Robertson has an important part to play in all this too – as well as delivering a warning that the Bartender’s brain may be going as loopy as the plot, he is also the man who initially recruited Jane for the space programme in the 1960s, indicating that he may be the only one in all of this who knows what the hell is going on.

While the Bartender wants to recruit John as his time-travel replacement, Robertson has another revelation to drop on us – yes, the Bartender is the future version of John/Jane, following that fiery opening scene in which his face was changed (see, we told you we’d get back to that).

It all makes sense – sort of – the Bartender is the perfect time-travelling cop, as he genuinely has no future or past and is in one giant twisty time loop. So Jane is John and their baby is also Jane/John, and after John leaves Jane he becomes a time travel agent, tries to stop the bomber, and then turns into the Bartender we later meet.

Oh, and one other thing – in the future, John/Jane/The Bartender is the Fizzle Bomber too!

You see, when Robertson mentioned that too much time travel makes your brain go fluffy, that should have been a big red flag as to what was to come – driven bonkers by all this back and forth, the Bartender has become a bomber in the future. And when the Bartender finally confronts his older, mad self, the Fizzle Bomber reveals to him that “if you shoot me, you become me.”

The Bartender ignores this and shoots him, setting the whole story in motion again.

sarah snook, predestination
Signature Entertainment

Predestination explained: What does it all mean?

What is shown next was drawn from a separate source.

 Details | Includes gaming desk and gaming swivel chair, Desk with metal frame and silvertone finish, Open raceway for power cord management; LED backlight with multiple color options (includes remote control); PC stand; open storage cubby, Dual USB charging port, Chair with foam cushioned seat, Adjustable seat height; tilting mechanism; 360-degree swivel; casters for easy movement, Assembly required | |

To understand the movie, and all the twists and time-travel turns, it helps to remember what it is all meant to be about.

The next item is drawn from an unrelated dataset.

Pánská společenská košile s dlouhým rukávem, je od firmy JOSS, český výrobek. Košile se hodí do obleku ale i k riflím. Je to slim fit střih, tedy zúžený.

The major theme of the film is about how our experiences make us who we are, and how letting go of the past and accepting what we cannot change is one way of moving beyond it.

For example, if the Bartender had listened to his older Fizzle Bomber self and not shot him, the future would be changed and the Bomber – having not committed the murder – would not go on to start his deadly campaign.

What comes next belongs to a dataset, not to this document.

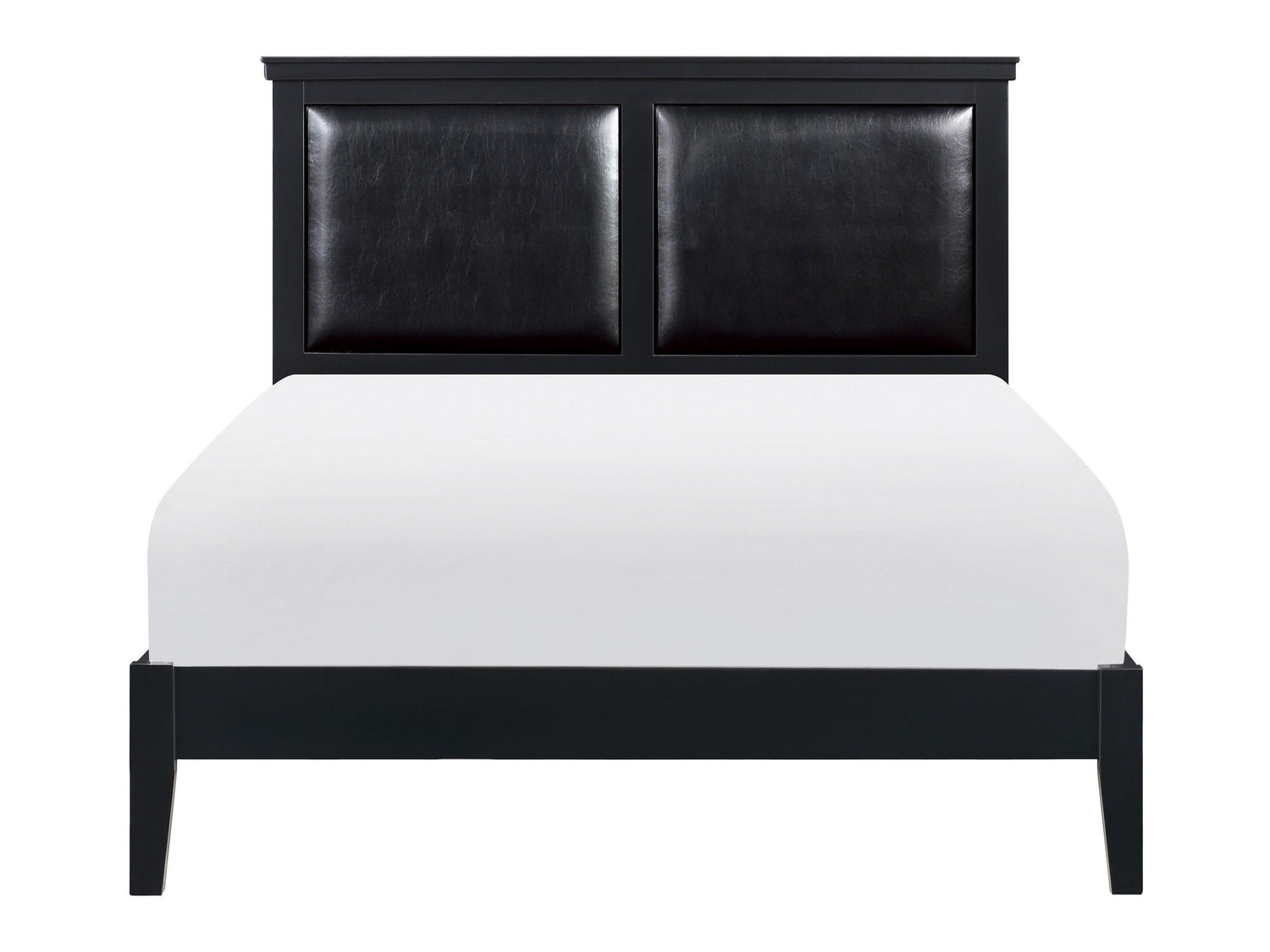 Merging traditional and transitional design creates the look of the Seabright collection, providing a unique platform from which to style your bedroom. The black painted finish allows for exceptional versatility of placement and decorative inspiration. The queen bed features framed, color-coordinated, dual faux leather padded headboard inserts and an ultra-low-profile footboard.

Of course, the movie also features other themes including identity, who we are and how people see us, and how choice and deciding our own fates is so important.

Writer/directors Peter and Michael Spierig have spoken about what they wanted people to think about while watching the movie.

"The film's called Predestination so that gives you some idea of what's going on there," said Peter (via Collider). "But are the events in the film always going to occur that way? Are they meant to occur that way? That's up to the audience to decide. But having said that, I personally think, even if we had choice, how could you ever know?"

"It's definitely a tragedy. We always thought of it as a really tragic love story. That was our intention from the beginning. But you also have to look at the person's life in this film as a person who has accomplished great things at a great cost. We talk about purpose in the film quite a bit. What is the purpose of someone's life? It may end up being heartbreaking and tragic; but on the way you do wonderful and extraordinary things at the sacrifice of sanity or love or whatever it is…"

Predestination is available to rent on Prime Video now.